17Consider the lemon lexical entry in Figure 15 for the relational noun ‘capitale della’. The entry states that the canonical written form of the entry is “capitale”. It states that the entry has a NounPPFrame as syntactic behaviour, that is it corresponds to a copulative construction X è la capitale della Y with two arguments, where copulativeArg corresponds to the copula subject X and the prepositional adjunct corresponds to the prepositional object Y.
18We give examples for the different syntactic frames below to illustrate the behaviour of the Italian grammar generation.
NounPPFrame
19Assuming that in the corresponding lemon lexicon we model the connection between the NounPP construction capitale della (capital of) as referring to the property dbo:capital with domain Country and range City, we can generate questions automatically such as:
Qual è la capitale della (What is the capital of) (X|Country_NP)?
Quale città è la capitale della (Which city is the capital of) (X|Country_NP)?

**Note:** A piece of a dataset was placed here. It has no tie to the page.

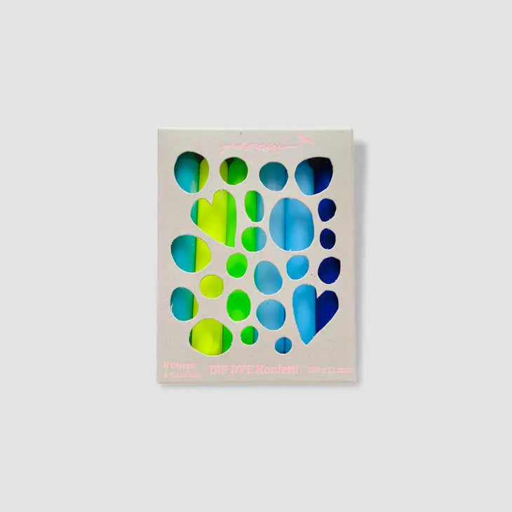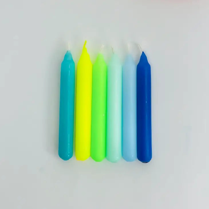 Set of six lovingly hand-dyed birthday candles in neon look. The colors remain the same, the pattern gradients vary with each candle and make them unique.

where X is a placeholder allowing to fill in a particular country, e.g. Germania (Germany), or a noun phrase, e.g., paese dove si parla tedesco (the country where German is spoken).
TransitiveFrame
20Assuming that the lemon lexicon captures the meaning of the construction X ‘scrive’ (write) Y as referring to the property dbp:author, with Song as domain and Person as range, the following questions would then be covered by an automatically generated grammar:
Chi ha scritto (Who wrote) (X|Song_NP)?
Quale cantante ha scritto (Which singer wrote) (X|Song_NP)?
Quale (Which) (X|Song_NP) è stata scritta da (was written by) (Y|Person_NP)?
IntransitivePPFrame
21Assuming that the lemon lexicon captures the meaning of the construction ‘X pubblicare nel Y’ (‘X published in Y’) as representation of the property dbp:published, with Song as its domain and Date as its range, the following questions would be generated:
Quando è stata pubblicata (X|Song_NP)? (When was (X|Song_NP) published?),
Quale (X|Song_NP) è stata pubblicata nel (Y|date)? (Which (X|Song_NP) was published in (Y|date)?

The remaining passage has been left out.